Finalmente, é natural argumentar que os serviços que se pretende impor não têm qualquer implicação com o principal escopo da obrigação alimentar. Se a prisão é instrumento de coerção para impor o pagamento da pensão fixada, os serviços obrigatórios não atuam de forma a resultar no efetivo recebimento de alimentos por parte de quem deles necessita.
Entretanto, o maior problema da proposta legislativa é seu descompasso com a realidade, quer social, quer familiar, quer mesmo dos processos judiciais envolvendo a matéria.
Há uma generalização da premissa de que o pai ou mãe que não têm condições de arcar com os alimentos o faz voluntariamente e se compraz da situação de seus familiares que arcam com a obrigação familiar em seu lugar. A experiência prática indica uma série de outras razões para a incapacidade financeira, dentre as quais, problemas de ordem física ou mental incapacitantes.
No entanto, a hipótese mais comum de incapacidade financeira tem sido simples repercussão da falta de controle de natalidade entre adolescentes. É evidente que aqueles que têm filhos entre doze e dezoito anos, via de regra, não têm capacidade de prestar alimentos, pelas próprias restrições legais ao exercício de atividade laboral remunerada. Mais do que isto, em muitos casos, estes adolescentes buscam, em seus estudos (não só no ensino médio, mas também no ensino superior – às vezes em cursos de tempo integral) a qualificação que lhes permitirá adquirir renda suficiente para conferir a seus filhos o sustento digno.

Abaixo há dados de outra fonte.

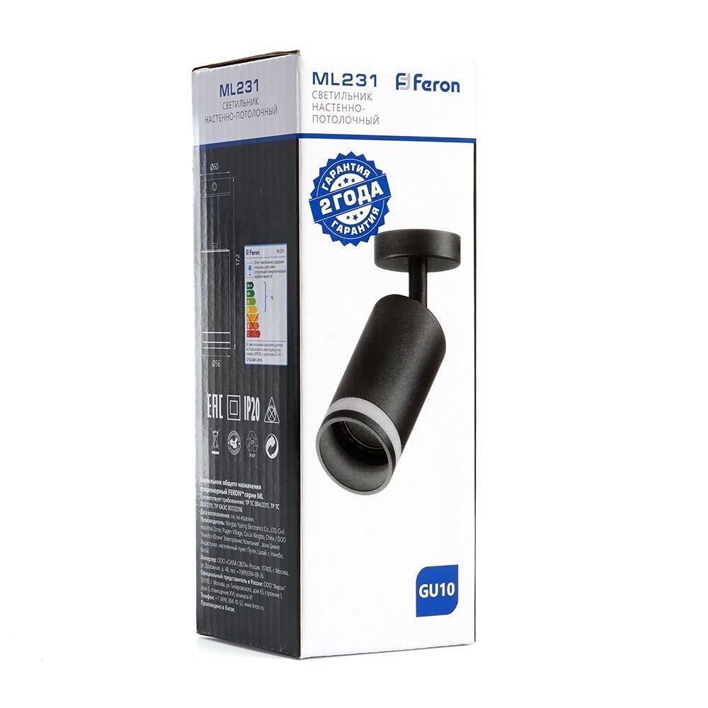 Светильник спот Feron ML231 настенно-потолочный GU10 черный 41487 по цене 579 руб. с фотографией и техническими характеристиками. Для покупки товара нажмите кнопку "Купить" и перейдите в корзину или позвоните по телефону 8 (495) 585 32 60 или 8 (800) 222 23 53.

Assim, na prática, o projeto pode resultar em empecilhos na qualificação profissional num país cuja mão de obra ainda está longe do ideal. Ao tentar incutir o trabalho em pais que considera omissos, o legislador, na realidade, limita seu campo de trabalho qualificado, simplesmente por desconhecer a realidade fática das relações que tenta disciplinar.